Correlation Between IShares SPTSX and Global X
Can any of the company-specific risk be diversified away by investing in both IShares SPTSX and Global X at the same time? Although using a correlation coefficient on its own may not help to predict future stock returns, this module helps to understand the diversifiable risk of combining IShares SPTSX and Global X into the same portfolio, which is an essential part of the fundamental portfolio management process.
By analyzing existing cross correlation between iShares SPTSX Capped and Global X Enhanced, you can compare the effects of market volatilities on IShares SPTSX and Global X and check how they will diversify away market risk if combined in the same portfolio for a given time horizon. You can also utilize pair trading strategies of matching a long position in IShares SPTSX with a short position of Global X. Check out your portfolio center. Please also check ongoing floating volatility patterns of IShares SPTSX and Global X.
Diversification Opportunities for IShares SPTSX and Global X
-0.18 | Correlation Coefficient |
Good diversification
The 3 months correlation between IShares and Global is -0.18. Overlapping area represents the amount of risk that can be diversified away by holding iShares SPTSX Capped and Global X Enhanced in the same portfolio, assuming nothing else is changed. The correlation between historical prices or returns on Global X Enhanced and IShares SPTSX is a relative statistical measure of the degree to which these equity instruments tend to move together. The correlation coefficient measures the extent to which returns on iShares SPTSX Capped are associated (or correlated) with Global X. Values of the correlation coefficient range from -1 to +1, where.

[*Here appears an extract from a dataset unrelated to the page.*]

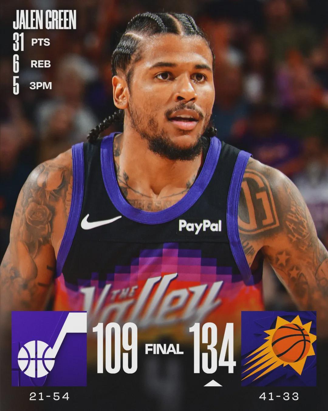 北京时间3月29日,NBA常规赛激战正酣,太阳队以134-109的显著优势大胜爵士队。在这场比赛中,太阳队的年轻球员杰伦-格林表现抢眼,他仅出战22分钟,便以22投13中的高效命中率,其中三分球11投5中,且没有获得任何罚球机会,就轻松砍下31分,同时贡献6个篮板和3次助攻,且全场没有出现一次失误。值得一提的是,格林在短短22分钟内就拿下30+的得分,这一壮举使他成为太阳队史上出场时间最少却能砍下30+的球员。 深入分析本赛季至今的表现,杰伦-格林已经两次在0罚球的情况下得到30+的得分,这一数据在本赛季的联盟中独占鳌头。更为惊人的是,他已经连续4场比赛高效砍下20+的得分,这4场比赛中,他场均得到24分,同时还有4.5个篮板和4.5次助攻入账,投篮命中率高达53.7%,三分命中率也达到了46.4%。在3月份,格林共出战14场比赛,其中仅有3场得分低于20分,展现出了极强的得分稳定性。 然而,回顾杰伦-格林的赛季初期,他的表现并不尽如人意。从去年11月份到今年2月份,他一共出战了12场比赛,但其中有10场得分都低于20分。那段时间,格林饱受腿筋伤势的困扰,导致他的出场时间断断续续,状态也大受影响。具体来说,11月份他仅打了2场,12月份则一场未打,1月份打了3场,2月份虽然打了7场,但整体表现并不理想。 在进入3月份之前,杰伦-格林的场均数据仅为13.3分、2.9个篮板、2.2次助攻、1.1次抢断和1.5次失误,投篮命中率也只有36.9%,三分命中率更是低至29.2%。然而,随着赛季的深入,格林逐渐找回了状态。截至目前,他本赛季已经出战了26场比赛,场均数据提升至18.2分、3.7个篮板、2.9次助攻、1次抢断和2.1次失误,三项命中率也分别达到了41.6%、32%和74.3%。 如果仅看3月份的表现,杰伦-格林的场均得分已经飙升至23分,投篮命中率也提升至44.2%,这表明他已经逐渐恢复了正常水准。还有一个有趣的数据值得分享:在NBA生涯至今,杰伦-格林已经54次砍下30+的得分,其中竟然有21次发生在3月份,这足以证明他在这一月份的出色表现。 杰伦-格林出生于2002年2月9日,是2021年NBA的榜眼秀。他身高1米93,臂展达到2米02,拥有出色的身体条件。上赛季,格林在火箭队保持了82场全勤的纪录,场均出战32.9分钟,得到21分、4.6个篮板、3.4次助攻和0.9次抢断,同时还有2.5次失误,三项命中率分别为42.3%、35.4%和81.3%。他的出色表现让人们对他的未来充满了期待。 目前,太阳队以41胜33负的战绩排名西部第7,落后第6的火箭队3.5个胜场,同时领先第8的快船队3个胜场。考虑到太阳队目前的状态和实力,他们大概率需要参加附加赛来争夺季后赛的席位。那么,你觉得太阳队在附加赛中能够顶得住快船队的挑战吗? |

The correlation of zero (0) is possible when the price movement of Global X Enhanced has no effect on the direction of IShares SPTSX i.e., IShares SPTSX and Global X go up and down completely randomly.

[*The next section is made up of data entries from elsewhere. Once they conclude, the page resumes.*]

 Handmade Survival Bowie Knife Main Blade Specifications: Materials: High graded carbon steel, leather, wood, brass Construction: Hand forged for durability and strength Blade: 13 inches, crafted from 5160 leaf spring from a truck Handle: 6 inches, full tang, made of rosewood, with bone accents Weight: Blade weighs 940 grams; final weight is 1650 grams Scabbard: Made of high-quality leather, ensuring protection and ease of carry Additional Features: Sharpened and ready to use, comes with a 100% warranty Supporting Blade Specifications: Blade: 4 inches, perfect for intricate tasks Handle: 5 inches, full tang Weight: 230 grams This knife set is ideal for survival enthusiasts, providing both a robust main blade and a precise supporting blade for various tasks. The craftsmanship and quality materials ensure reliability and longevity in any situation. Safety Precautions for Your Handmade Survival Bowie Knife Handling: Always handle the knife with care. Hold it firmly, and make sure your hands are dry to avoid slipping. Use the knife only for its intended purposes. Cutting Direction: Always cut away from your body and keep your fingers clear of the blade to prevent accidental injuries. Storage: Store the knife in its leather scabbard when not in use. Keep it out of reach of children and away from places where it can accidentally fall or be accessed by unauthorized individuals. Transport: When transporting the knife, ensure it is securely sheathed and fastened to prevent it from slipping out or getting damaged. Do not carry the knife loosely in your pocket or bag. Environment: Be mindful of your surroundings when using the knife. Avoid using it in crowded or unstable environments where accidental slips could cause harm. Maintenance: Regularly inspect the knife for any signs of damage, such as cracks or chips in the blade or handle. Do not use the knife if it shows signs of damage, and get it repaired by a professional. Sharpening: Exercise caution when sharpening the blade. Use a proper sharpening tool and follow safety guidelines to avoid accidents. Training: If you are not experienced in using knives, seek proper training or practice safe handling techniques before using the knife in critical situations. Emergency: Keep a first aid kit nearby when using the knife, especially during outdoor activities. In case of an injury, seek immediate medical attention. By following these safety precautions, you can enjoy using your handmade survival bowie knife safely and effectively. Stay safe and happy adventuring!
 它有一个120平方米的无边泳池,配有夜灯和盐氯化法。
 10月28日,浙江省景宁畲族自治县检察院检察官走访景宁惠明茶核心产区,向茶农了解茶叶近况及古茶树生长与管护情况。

Pair Corralation between IShares SPTSX and Global X
Assuming the 90 days trading horizon iShares SPTSX Capped is expected to under-perform the Global X. But the etf apears to be less risky and, when comparing its historical volatility, iShares SPTSX Capped is 1.93 times less risky than Global X. The etf trades about -0.03 of its potential returns per unit of risk. The Global X Enhanced is currently generating about 0.26 of returns per unit of risk over similar time horizon. If you would invest 2,591 in Global X Enhanced on December 21, 2024 and sell it today you would earn a total of 747.00 from holding Global X Enhanced or generate 28.83% return on investment over 90 days.

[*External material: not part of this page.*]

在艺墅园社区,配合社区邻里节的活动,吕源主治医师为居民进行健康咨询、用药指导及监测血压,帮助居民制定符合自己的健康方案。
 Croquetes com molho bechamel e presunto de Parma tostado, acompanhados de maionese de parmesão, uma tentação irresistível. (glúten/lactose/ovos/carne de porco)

Time Period | 3 Months [change] |
Direction | Moves Against |
Strength | Insignificant |
Accuracy | 100.0% |
Values | Daily Returns |
iShares SPTSX Capped vs. Global X Enhanced
Performance |
Timeline |
iShares SPTSX Capped |
Global X Enhanced |
IShares SPTSX and Global X Volatility Contrast
Predicted Return Density |
Returns |
Pair Trading with IShares SPTSX and Global X
The main advantage of trading using opposite IShares SPTSX and Global X positions is that it hedges away some unsystematic risk. Because of two separate transactions, even if IShares SPTSX position performs unexpectedly, Global X can make up some of the losses. Pair trading also minimizes risk from directional movements in the market. For example, if an entire industry or sector drops because of unexpected headlines, the short position in Global X will offset losses from the drop in Global X's long position.IShares SPTSX vs. iShares SPTSX Capped | IShares SPTSX vs. iShares SPTSX Capped | IShares SPTSX vs. iShares SPTSX Global | IShares SPTSX vs. iShares SPTSX Capped |
Global X vs. Global X Equal | Global X vs. Global X Enhanced | Global X vs. Global X Gold | Global X vs. Global X Canadian |
Check out your portfolio center.Note that this page's information should be used as a complementary analysis to find the right mix of equity instruments to add to your existing portfolios or create a brand new portfolio. You can also try the Price Exposure Probability module to analyze equity upside and downside potential for a given time horizon across multiple markets.